DATA SHOWN ::
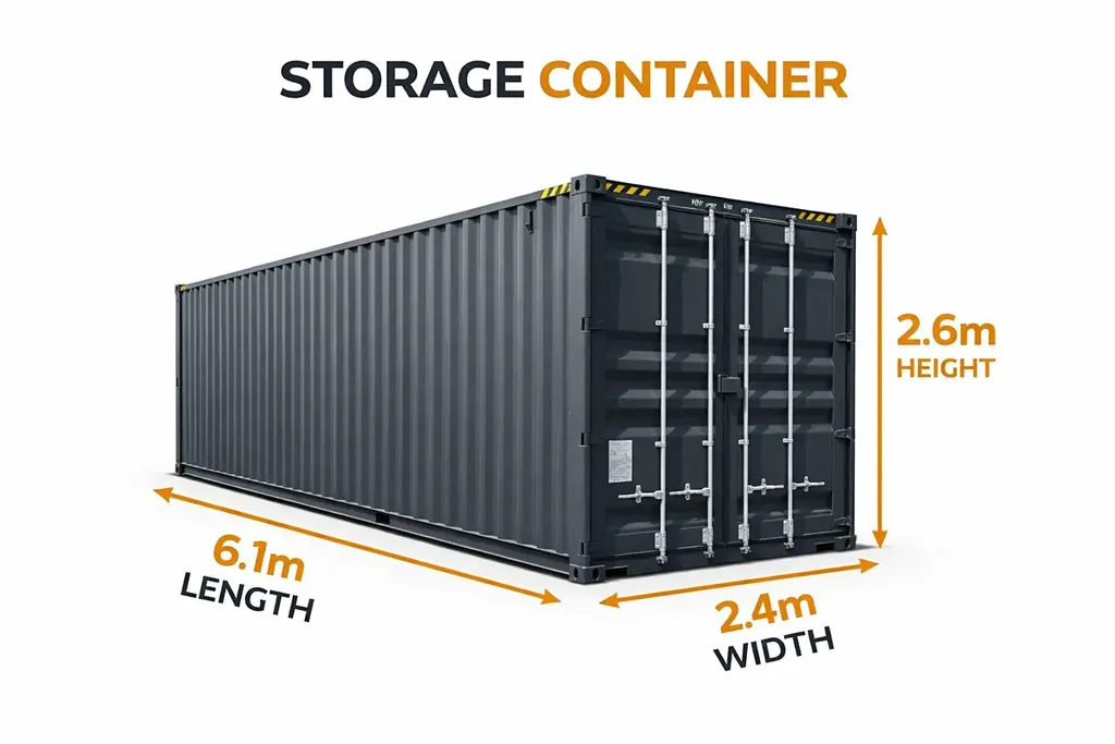 Nabízíme k pronájmu skladový kontejner o ploše cca 15 m² a rozměrech (š) 2,438 m × (v) 2,591 m × (d) 6,058 m.
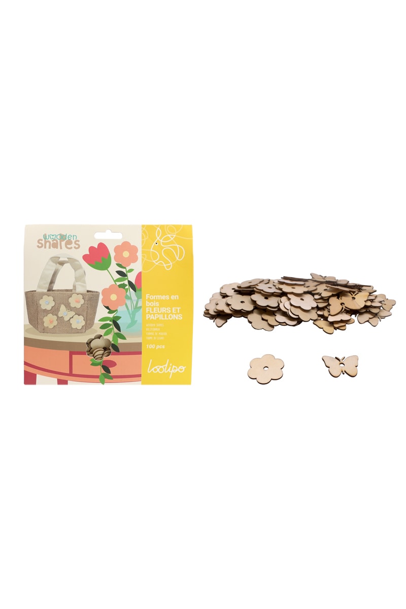 Formes fleurs et papillons en bois - 100 pièces
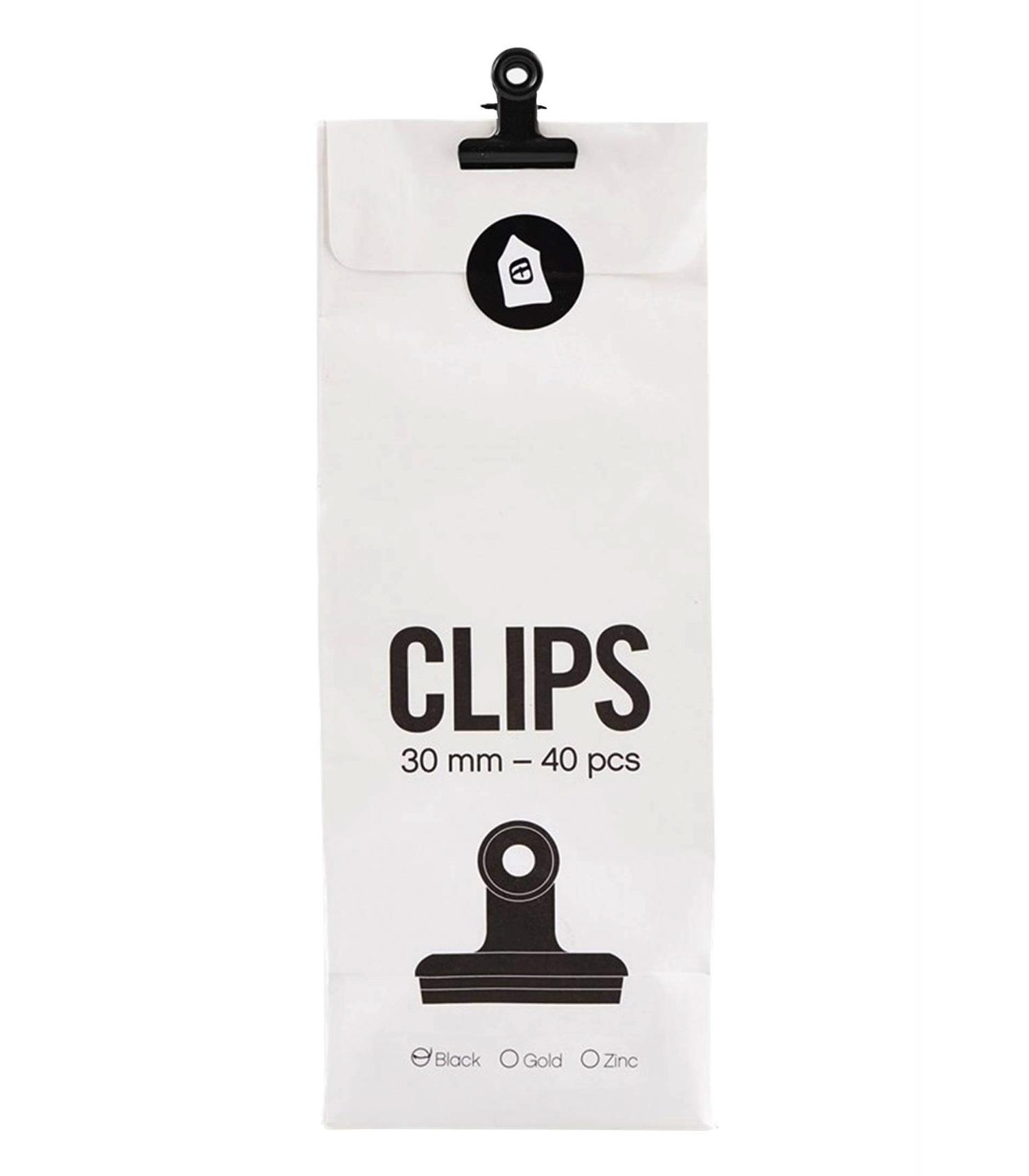 Spécialiste du design à la scandinave et des accessoires de bureau et de papeterie, Monograph propose ce sachet de 40 clips noirs. Faciles à utiliser, ces clips de 30 mm à l'esprit industriel accompagneront aussi bien vos projets bricolage que décoration.

WHAT IS BEING ASKED :: Print the data exactly as written, dropping any images it holds.

ANSWER SPACE ::
 Nabízíme k pronájmu skladový kontejner o ploše cca 15 m² a rozměrech (š) 2,438 m × (v) 2,591 m × (d) 6,058 m.
 Formes fleurs et papillons en bois - 100 pièces
 Spécialiste du design à la scandinave et des accessoires de bureau et de papeterie, Monograph propose ce sachet de 40 clips noirs. Faciles à utiliser, ces clips de 30 mm à l'esprit industriel accompagneront aussi bien vos projets bricolage que décoration.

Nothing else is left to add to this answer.